YOUR INSTRUCTIONS:
Taking the line with "The Royal Standard" as the first, copy every line through the end of the records below exactly. Do not include pictures.

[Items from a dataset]

====

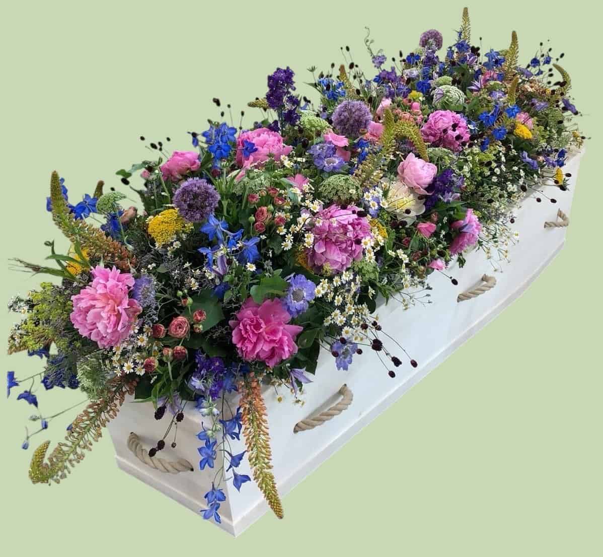 Onze kistbedekking bestaat uit een uitbundige mix van seizoensgebonden veldbloemen zoals korenbloemen, margrieten, phlox, fluitekruid en siergrassen, in een warm palet van rood, roze, geel en paars. De losse, natuurlijke compositie weerspiegelt de spontaniteit en levenskracht van een wilde tuin – een persoonlijk en oprecht eerbetoon aan je dierbare.
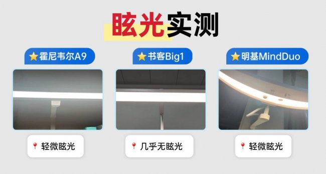 实测方法:在正常坐姿下观察光面书本反射情况,并短时间直视光源,评估刺眼感。
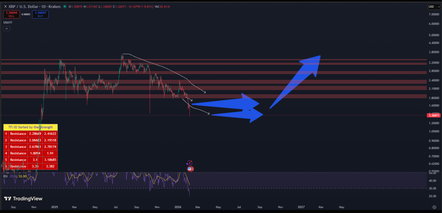 XRP’s recent slide has left traders asking whether the worst is over. Prices have been weak since Q4 2025, and reports say the token has lost roughly half its value from an October opening near $2.80 to about $1.42 as we speak. That drop came with a sharp move in momentum indicators, which traders rarely ignore.
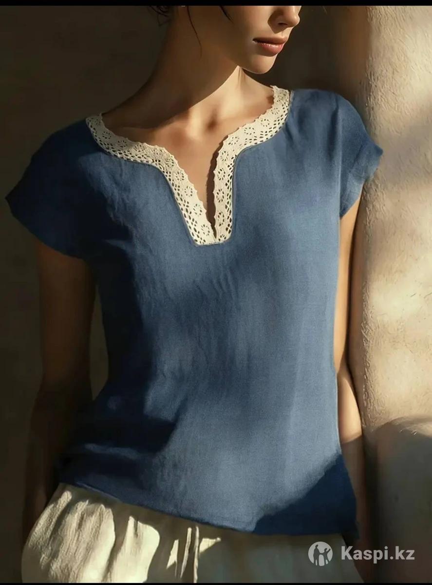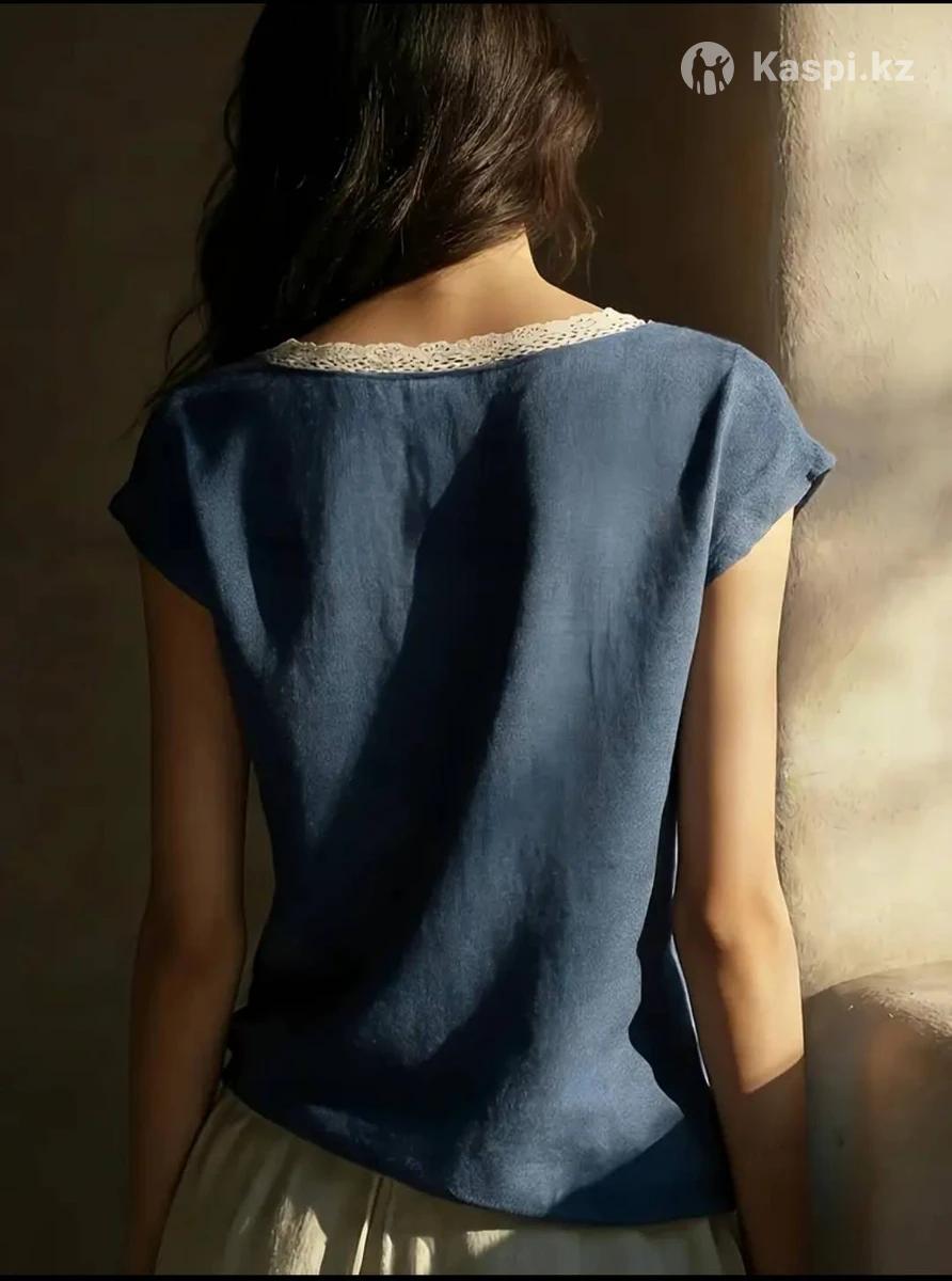 Женский топ на лето. Сделано в Китае. Размер: L. 100% полиэстер. Стильный с кружевным вырезом. В стиле casual. Темно синий цвет
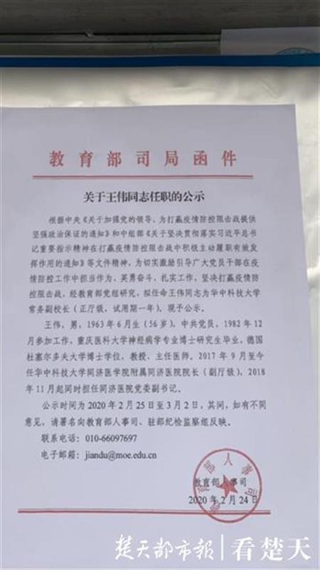 2月24日,教育部人事司发布《关于王伟同志任职的公示》,公示内容显示:“根据中央《关于加强党的领导、为打赢疫情防控阻击战提供坚强政治保证的通知》和中组部《关于坚决贯彻落实习近平总书记重要指示精神在打赢疫情防控阻击战中积极主动履职有效发挥作用的通知》等文件精神,为切实激励引导广大党员干部在疫情防控工作中担当作为、英勇奋斗、扎实工作,坚决打赢疫情防控阻击战,经教育部党组研究,拟任命王伟同志为华中科技大学常务副校长(正厅级,试用期一年)。现予公示。”
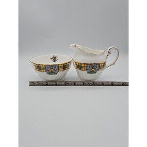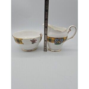 The Royal Standard Bonnie Scotland Clan Macleod Creamer & Open Sugar Bowl Set is a charming addition to any kitchen or dining room. Made of fine bone china, this multicolored creamer and sugar bowl set features a beautiful Bonnie Scotland pattern, adding a touch of elegance to your table setting.
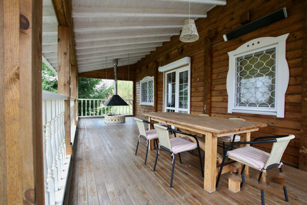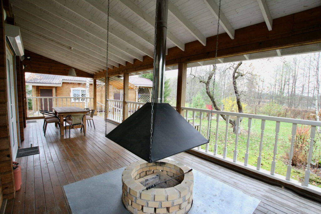 С тыльной стороны дома к нему примыкает большая терраса, которая находится под общей крышей. На этой террасе установлен оригинальный уличный камин-жаровня. С этой летней гостиной открывается живописный вид на озерные просторы.
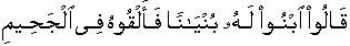 [after what unexpected happened to the surprise of clergymen-21:62-68] They/clergymen said, "Make for him a furnace thereafter you throw him in the blazing fire" [37:97]
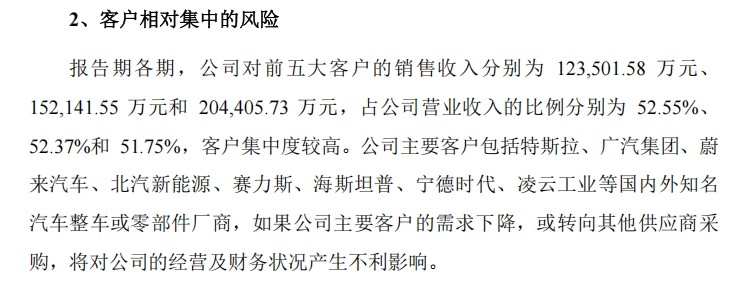 然而,高客户集中度也意味着其当前的发展,在一定程度上或在“透支”未来的潜力。随着核心客户渗透率不断上升,其拓展空间或可能趋窄。更关键的是,这种深度绑定关系虽能带来阶段性业绩,却也削弱了企业自身在策略变动面前的主动性。当主机厂更换平台、推进自制或压缩成本时,供应商若缺乏横向客户覆盖能力与产品替代,便容易陷入被动。

====

SOLUTION TO THE EXERCISE:
 The Royal Standard Bonnie Scotland Clan Macleod Creamer & Open Sugar Bowl Set is a charming addition to any kitchen or dining room. Made of fine bone china, this multicolored creamer and sugar bowl set features a beautiful Bonnie Scotland pattern, adding a touch of elegance to your table setting.
 С тыльной стороны дома к нему примыкает большая терраса, которая находится под общей крышей. На этой террасе установлен оригинальный уличный камин-жаровня. С этой летней гостиной открывается живописный вид на озерные просторы.
 [after what unexpected happened to the surprise of clergymen-21:62-68] They/clergymen said, "Make for him a furnace thereafter you throw him in the blazing fire" [37:97]
 然而,高客户集中度也意味着其当前的发展,在一定程度上或在“透支”未来的潜力。随着核心客户渗透率不断上升,其拓展空间或可能趋窄。更关键的是,这种深度绑定关系虽能带来阶段性业绩,却也削弱了企业自身在策略变动面前的主动性。当主机厂更换平台、推进自制或压缩成本时,供应商若缺乏横向客户覆盖能力与产品替代,便容易陷入被动。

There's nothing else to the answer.